For an array of random numbers, a least significant digit first counting variation of radix sort is normally fastest for smaller arrays that fit within cache. While for larger arrays, using one most significant digit first to split up the array into smaller sub-arrays that fit in cache will be faster. Since the data is random, the main time overhead for a radix sort is the randomly distributed writes, which is not cache friendly if the array is significantly larger than cache. If the original and working arrays fit within cache, for most systems, the random access writes don't incur a significant time penalty.
There is also a choice for the base used in a radix sort. For example 32 bit numbers can be sorted in 4 passes if using base 256 (8 bit "digits").
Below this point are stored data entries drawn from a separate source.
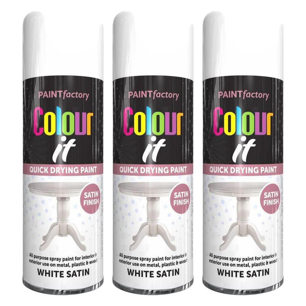 3X White Satin Spray Paint Aerosol Auto Car Lacquer Wood Metal 250ml
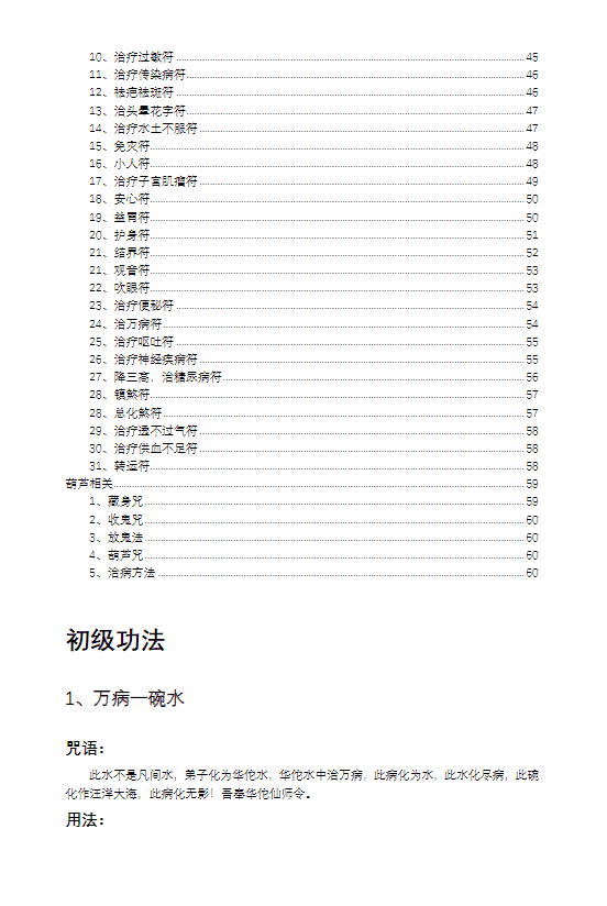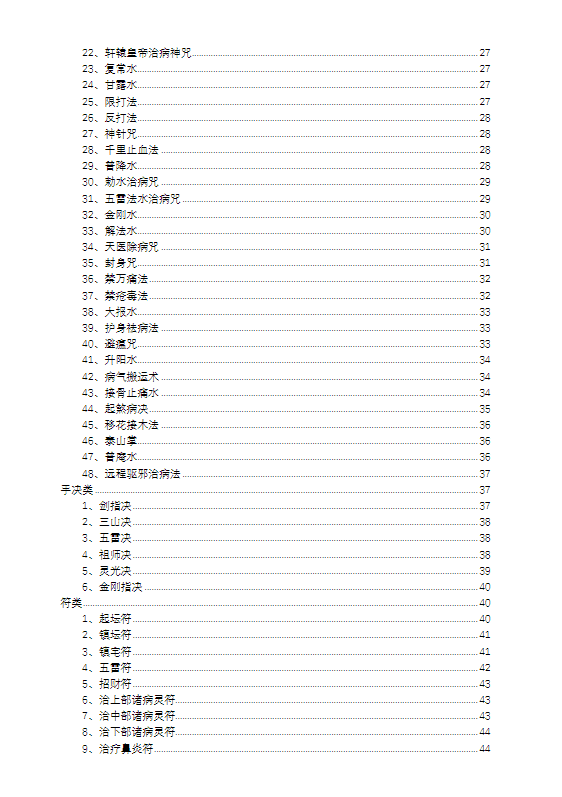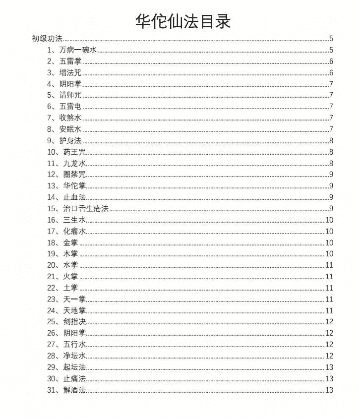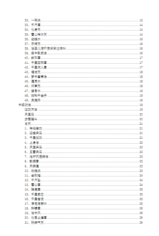 1、万病一碗水2、五雷掌3、增法咒4、阴阳掌5、请师咒6、五雷电7、收煞水8、安眠水9、护身法10、药王咒11、九龙水12、圈禁咒13、华佗掌14、止血法15、治舌口生疮法16、三生水17、化瘤水18、金掌19、木掌20、水掌21、火掌22、土掌23、天一掌24、天地掌25、剑指决26、阴阳掌27、五行水28、净坛水29、起坛法30、止痛法31、解酒法32、一阳决33、千斤掌34、化身咒35、雪神山水咒36、迷魂水37、牙疼咒38、治儿婴惊吓夜间泣哭惊叫39、空中取药法40、封印掌41、千里驱邪掌42、千里伤人掌43、增法咒44、梦中事查法45、通灵水46、问事咒47、接骨水48、妇科金千丹49、克癌丹
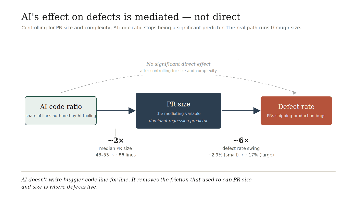This reframes the entire AI quality debate. The question "does AI write buggier code?" presumes a direct effect that the data doesn't support. The better question is: "does AI change the shape of the work in ways that make defects more likely?" And the answer is yes — through size.
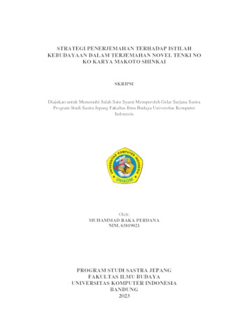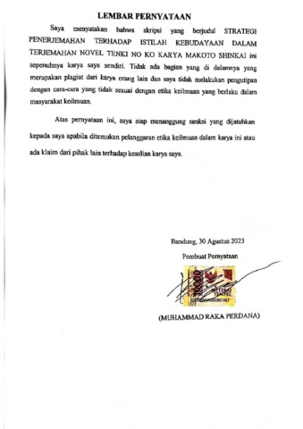 Perdana, Muhammad Raka (2023) Strategi Penerjemahan Terhadap Istilah Kebudayaan Dalam Terjemahan Novel Tenki No Ko Karya Makoto Shinkai. Other thesis, Universitas Komputer Indonesia.
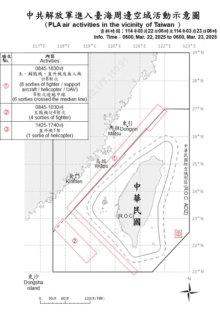 迄0600時止,偵獲共機13架次(其中逾越海峽中線進入北部、西南及東部空域11架次)及共艦8艘、公務船2艘,持續在臺海周邊活動。國軍運用任務機、艦及岸置飛彈系統嚴密監控與應處。
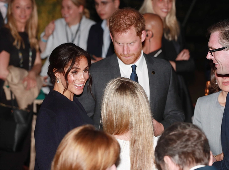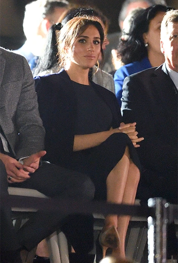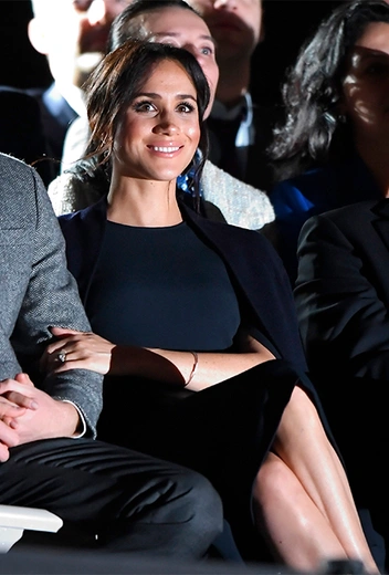 Меган осталась верна цветам этого дня: на прием и последовавшее за ним торжественное открытие Игр она прибыла в красивом в иссиня-черном пальто Gillian Anderson (линейка женской одежды, созданная знаменитой актрисой в коллаборации с брендом Winser London) и платье Stella McCartney того же оттенка. Как позже выяснилось, это первый случай, когда Меган повторно надела один из своих нарядов в статусе герцогини. Дело в том, что это же платье Ее Высочество уже надевала во время празднования дня рождения Елизаветы II в Альберт-холле.
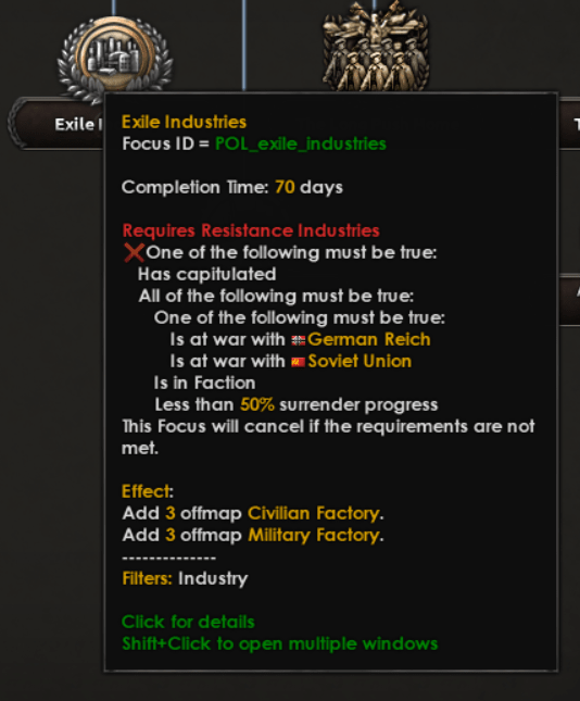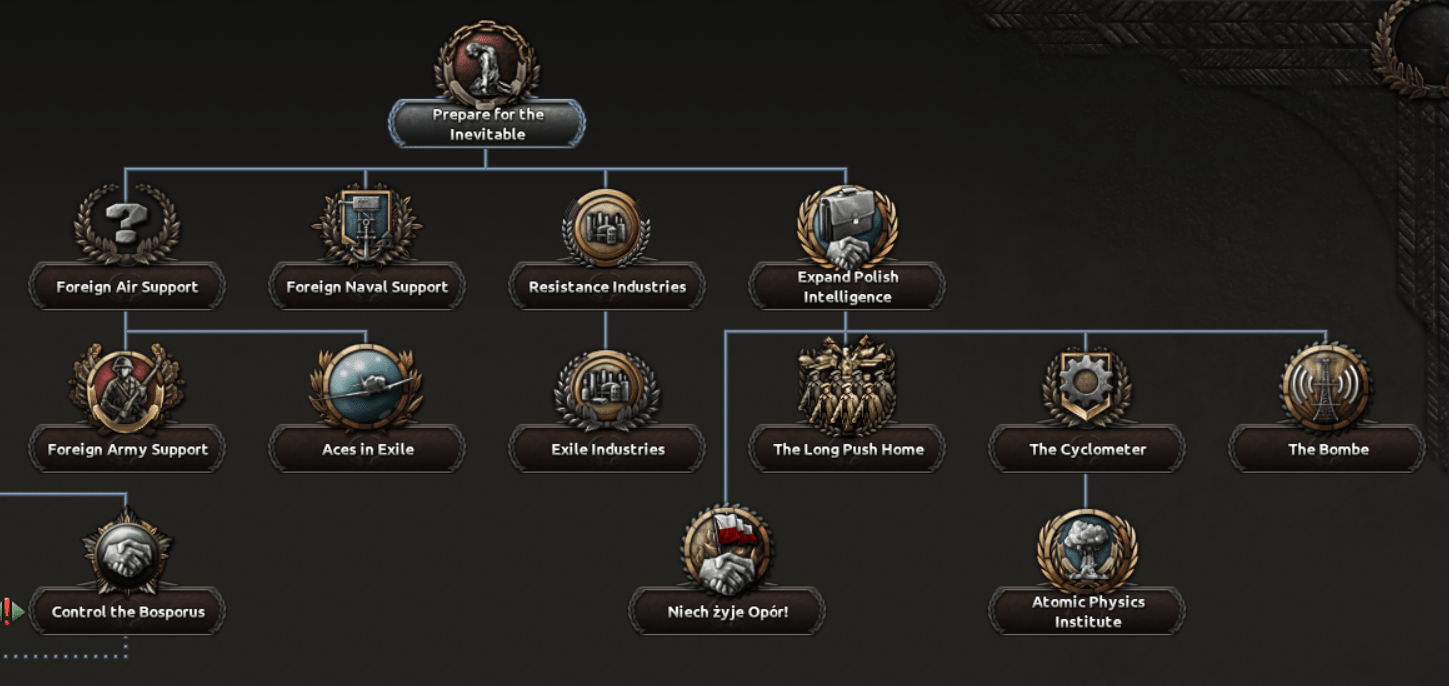 Dans la branche de l’arbre dédié à l’exil, la Pologne peut gagner un certain nombre de chantiers navals et d’usines hors carte, et un bonus dans la génération d’as en plus d’une augmentation de la limite de forces spéciales. Le gouvernement polonais ne pourra jamais constituer une grande armée en étant en exil, mais avec de tels bonus, elle pourra poursuivre le combat avec une petite force spécialisée.
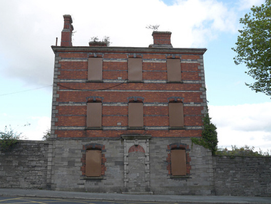 Detached three-bay three-storey former barracks entrance building, built c.1890. Hipped slate roof with central valley. Red and yellow brick cornice to eaves. Red brick chimneystacks having stepped profile and yellow and black decorative courses. Red brick walls having yellow and black brick decorative courses, cut granite platband over snecked ashlar limestone to ground floor. Rusticated granite quoins. Segmental-arched window openings having rounded reveals, black brick keystone detail and cut granite sills. Block-and-start red and black brick surrounds to ground floor windows. Window openings boarded up. Round-headed door opening with carved granite surround having carved cornice supported by brackets and Gibbsian surround with carved keystone. Entrance opening has been infilled with stone and brick. Single granite step from entrance to footpath. Front (west) elevation stands slightly forward of snecked limestone boundary wall.
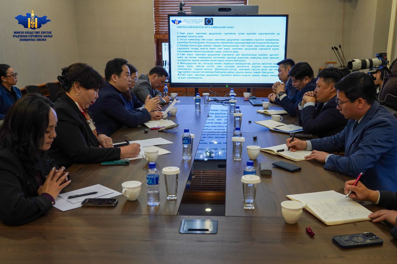 Уулзалтаар гэмт хэрэг, зөрчлөөс урьдчилан сэргийлэх стратеги төлөвлөгөө боловсруулах, урьдчилан сэргийлэх ажлын тайлан, мэдээ, үр дүнг цахимжуулах, хууль тогтоомжийн хэрэгжилтийн үр дагаварт үнэлгээ хийхэд хамтран ажиллах талаар санал солилцлоо.
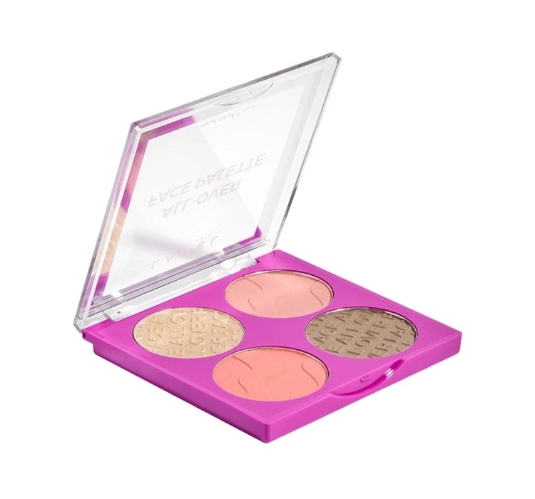 Палетка Lamel All Over Face Palette — це багатофункціональна палетка для контурингу обличчя, яка дозволяє гармонійно підкреслити риси, надати шкірі свіжості та природного сяйва. Усе, що потрібно для створення ідеального макіяжу, — бронзер, хайлайтер і два відтінки рум’ян — зібрано в одному компактному форматі. Кожен відтінок має запечену текстуру, що дарує м’яке світловідбивне покриття та багатовимірний фініш.
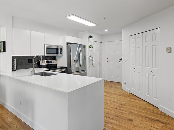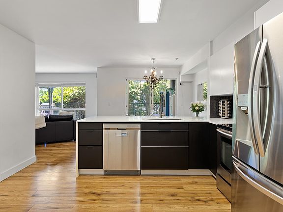 Welcome home to this spacious And bright 2 bed/bath corner unit with your very own oversized, private wrap around patio. Newly renovated, open and functional kitchen with sleek quartz countertops (waterfall finish) and copious amounts of cupboard space. Ensuite laundry. Newer flooring and freshly painted. Thoughtfully designed living area with gas fireplace and huge windows, providing plenty of natural light. Dual sinks in the primary and huge, custom walk in closet. Secure building, fully rain-screened, One storage #2 and parking #91. Pets allowed w/ restrictions 2 pets dogs/cats . Central location, A short walk to schools and transit.

Using base 65536 (16 bit "digits") usually exceeds the size of the L1 and/or L2 caches, so it's not faster in most cases, even though it only takes two passes. For 64 bit numbers, four 11 bit "digits" and two 10 bit "digits" could be used to sort in 6 passes, instead of using eight 8 bit "digits" to sort in 8 passes. However, the 11/10 bit digit variation isn't going to be faster unless the array is large enough and the distribution of the random numbers is uniform enough to use up most of the storage used to hold the counts / indexes.
Link to a prior thread about radix sort variations:
Radix Sort Optimization
merge sort "best case"
For a standard merge sort, the number of moves is always the same, but if the data is already sorted, only half the number of compares is done.
quick sort / intro sort "best case"
Best case for quick sort is random data. Using the middle value for partition doesn't make much difference for random data, but if the data is already sorted, it ends up as best case. Intro sort generally involves extra code to check if the recursion is getting too deep where it switches to heap sort. For random data, this shouldn't happen, so the extra code to check for switch to heap sort is just extra overhead.